Nevermore Film Festival celebrates 12th year with Hannibal Lecter and killer tires

Posted by on Fri, Feb 18, 2011 at 4:20 PM

In its 12th year, the Nevermore Film Festival—which starts today and runs through Sunday—shows that the line between low-budget horror and “mainstream” cinema has all but vanished. There’s a number of recognizable actors in the lead of the newer films, and many of the international efforts included have already earned considerable cult buzz.

There’s plenty of fun to be had with the older films—those who enjoyed Liam Neeson’s psycho ass-kicking in Taken or plan to see him in Unknown can enjoy him at his most over-the-top Neeson-est in 1990’s Darkman. Before he helmed the Spider-Man films, Sam Raimi directed this nutzo variation on Tim Burton’s Batman with Neeson as a scientist who gets brutally disfigured and uses his special mask-generator (and adrenaline-induced superhuman strength) to fight crime.

Or you could enjoy the film that launched an empire with the original 1980 Friday the 13th (warning: Jason isn’t the bad guy in this one!), or to go from lowbrow to highbrow, 1991’s Oscar-winning The Silence of the Lambs, with Anthony Hopkins’ celebrated performance as Hannibal Lecter (and let’s not forget Ted Levine as the lotion-loving Buffalo Bill).

Rubber is perhaps the most high-profile film of the festival; to my immense consternation, my DVD player wouldn’t play the review screener copy that was made available to me.

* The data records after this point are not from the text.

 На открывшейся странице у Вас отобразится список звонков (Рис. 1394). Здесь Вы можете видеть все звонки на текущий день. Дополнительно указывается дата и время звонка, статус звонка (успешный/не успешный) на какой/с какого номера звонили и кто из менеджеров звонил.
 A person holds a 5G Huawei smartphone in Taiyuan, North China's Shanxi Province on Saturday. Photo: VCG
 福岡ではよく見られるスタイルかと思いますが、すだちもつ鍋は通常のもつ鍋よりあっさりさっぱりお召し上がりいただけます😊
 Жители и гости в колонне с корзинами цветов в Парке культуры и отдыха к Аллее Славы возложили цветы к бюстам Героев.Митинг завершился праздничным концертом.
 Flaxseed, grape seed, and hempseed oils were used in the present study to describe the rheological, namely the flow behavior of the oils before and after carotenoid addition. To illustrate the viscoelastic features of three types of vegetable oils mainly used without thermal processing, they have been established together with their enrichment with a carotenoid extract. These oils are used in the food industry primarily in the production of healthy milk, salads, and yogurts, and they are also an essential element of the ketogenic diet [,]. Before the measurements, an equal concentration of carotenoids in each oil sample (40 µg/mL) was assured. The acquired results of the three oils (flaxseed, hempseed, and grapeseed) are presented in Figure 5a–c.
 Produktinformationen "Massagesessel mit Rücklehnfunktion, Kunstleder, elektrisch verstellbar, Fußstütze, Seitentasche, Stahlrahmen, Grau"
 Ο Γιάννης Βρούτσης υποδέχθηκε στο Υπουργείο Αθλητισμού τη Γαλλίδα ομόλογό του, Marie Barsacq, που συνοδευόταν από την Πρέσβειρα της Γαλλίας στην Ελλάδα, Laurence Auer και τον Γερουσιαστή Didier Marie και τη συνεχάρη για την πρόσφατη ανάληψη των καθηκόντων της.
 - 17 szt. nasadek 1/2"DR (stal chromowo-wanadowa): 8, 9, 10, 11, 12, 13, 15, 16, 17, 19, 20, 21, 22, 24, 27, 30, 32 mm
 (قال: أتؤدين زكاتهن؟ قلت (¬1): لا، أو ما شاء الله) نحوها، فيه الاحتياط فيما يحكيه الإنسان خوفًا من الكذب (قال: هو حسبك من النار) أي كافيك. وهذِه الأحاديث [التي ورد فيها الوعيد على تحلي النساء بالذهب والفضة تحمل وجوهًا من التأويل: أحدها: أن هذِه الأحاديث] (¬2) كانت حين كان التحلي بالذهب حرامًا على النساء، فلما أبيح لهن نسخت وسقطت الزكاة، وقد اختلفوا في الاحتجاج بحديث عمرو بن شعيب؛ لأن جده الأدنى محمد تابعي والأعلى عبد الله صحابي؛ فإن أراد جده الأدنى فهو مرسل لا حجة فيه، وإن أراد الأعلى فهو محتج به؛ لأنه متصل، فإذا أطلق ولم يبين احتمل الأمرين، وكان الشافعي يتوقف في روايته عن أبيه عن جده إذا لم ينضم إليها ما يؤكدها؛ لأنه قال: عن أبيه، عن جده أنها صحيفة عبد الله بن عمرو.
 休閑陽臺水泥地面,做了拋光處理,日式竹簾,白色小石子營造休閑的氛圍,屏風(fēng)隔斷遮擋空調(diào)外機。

The film, which somehow played at Cannes last year, involves a sentient psychokinetic tire named “Robert,” who can explode human heads. Admit it, you already want to see this. As a bonus, cult B-movie actor Wings Hauser is in this. But come on, evil tires! Who can resist that?

Rubber falls into the same horror-comedy vein as Rare Exports: A Christmas Tale, a Finnish film from last year that theorizes Santa Claus is someone you never, ever want to meet. “You’d better watch out” indeed.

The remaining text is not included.